Four Seasons' requirements were quite clear, and illustrated a significant challenge. They have 55 hotels in 25 countries and conduct business in 14 languages, but they have one voice and one vision that must remain consistent across all their collateral. The first thing we worked on with them was defining a process for managing and maintaining their digital assets and textual content. Roles and responsibilities were assigned and a detailed plan was created for aggregating content, developing the system, rolling it out globally, and educating users on its use.

Then, when the hard part was done, we articulated all the desired functionality, created mock-ups of the database structure and GUI, and began addressing the issue of content. This consisted largely of repurposing the existing LUDM, but also involved the daunting task of gathering templates, forms and process documents from across the organization. Once all this was done, we worked with their IT team to develop and launch their new Online Brand Manager.
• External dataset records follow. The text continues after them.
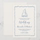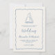 Cette invitation de mariage nautique bleu poussiéreux et ivoire est élégante avec une esthétique décontractée au bord de la mer, avec un gribouillage fantaisiste de bateau à voile dessiné à la main, une écriture manuscrite et un cadre ondulé festonné.
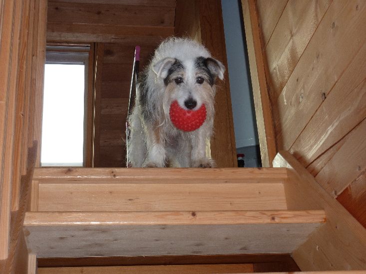 This one is not one of Bob's toys. It is a pilates ball that he found while we were visiting friends. He had to give it back even though it looked like a dog toy!
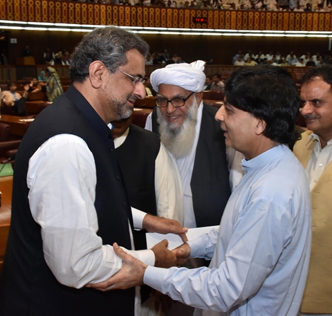 | Shahid Khaqan Abbasi (gauche), le 1er août au parlement du Pakistan. |
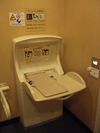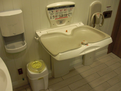 多目的トイレにはオムツ台が用意されています。
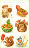 - Whimsical gnome characters living out their best summer days—reading books, relaxing with drinks, harvesting fresh produce, and adventuring with animal friends
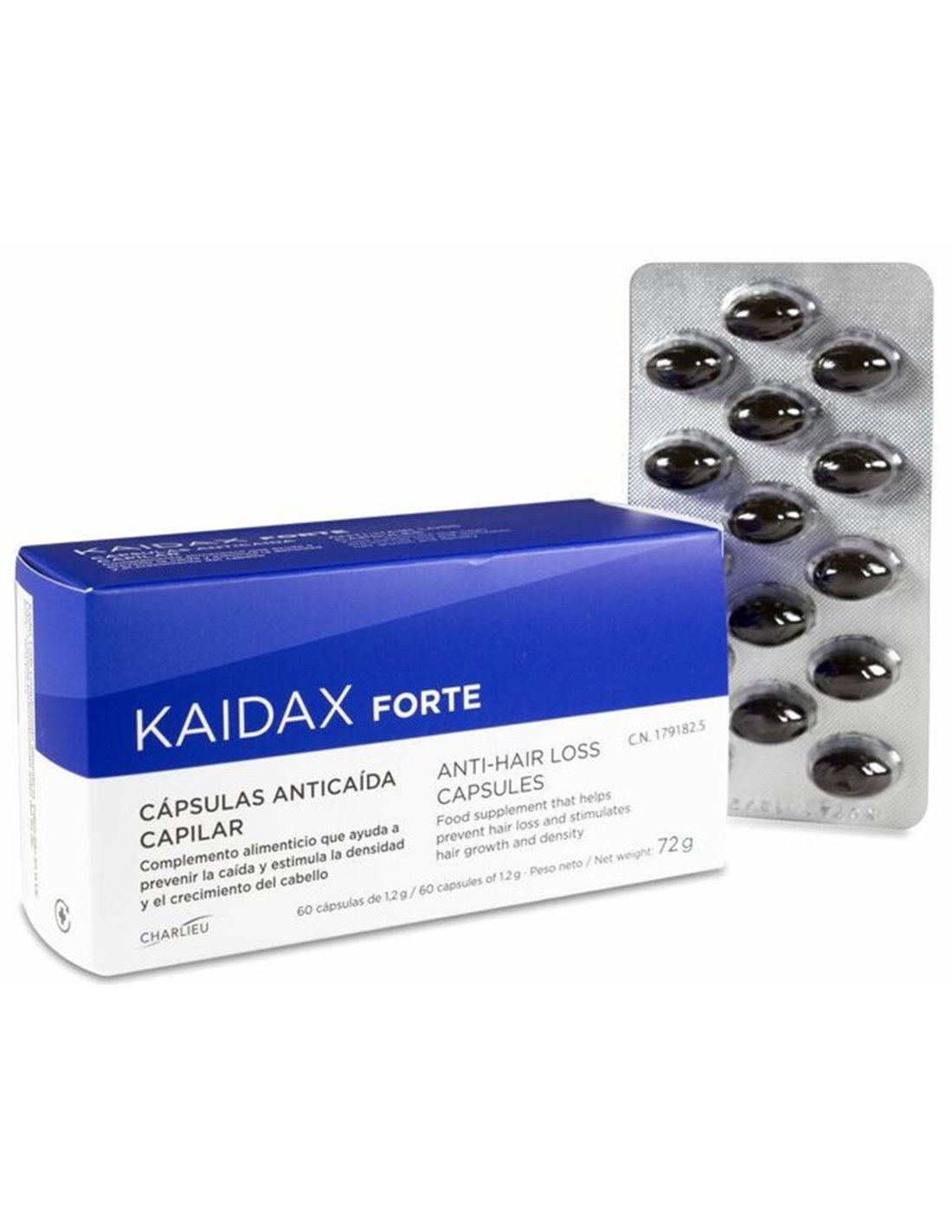 KAIDAXKaidax Forte es un complemento nutricional para el cabello que actúa a diferentes niveles y que incorpora en su fórmula: Dos potentes activos semilla de calabaza y Sabal Serrulata que ayudan en la fase de crecimiento del cabello. Combinación única de aminoácidos que forman parte de la queratina del cabello, L-cistina y Taurina: Potentes antioxidantes que ayudan a proteger las células frente al daño oxidativo y Vitamina E. Con Vitaminas y oligoelementos que contribuyen al mantenimiento del cabello en condiciones normales (Vitaminas B5, B6, B8, Zinc, Cobre y Selenio)

Today, a Four Seasons Resort employee working at the Bali at Jimbaran Bay hotel in Indonesia will log on to the secure corporate network to learn how the brand should be used across multiple media. While they're there, they will also access templates for business cards and stationery, and download whatever templates they require. As well, an advertising agency's offices in Toronto and New York can both log in and access high-resolution logos for various pieces of advertising collateral.

Because Four Seasons Hotels and Resorts understand Brand Management and Digital Asset Management, they will never have a situation where one of their employees gives a presentation with kitschy clipart and cartoon fonts in it.

The makings of the right solution

Obviously, most of the functionality outlined in the Four Seasons example is on the higher-end of the solutions scale. If you're doing research of your own, you should be aware of the wide variations between higher- and lower-end solutions. They can be quite dramatic. Some of the more desirable functionality in your own system should include:

There are many DAM solutions available in the marketplace. Clear definition of requirements (and budget) can help narrow the list significantly. What needs to remain paramount in the mind of decision makers is that a DAM needs to implement or reinforce brand management process in a corporate environment. If roles and responsibilities aren't clearly defined in terms of creating standards and assets, and maintaining the system, then a large risk exists that your employees will be misrepresenting your brand and weakening its value.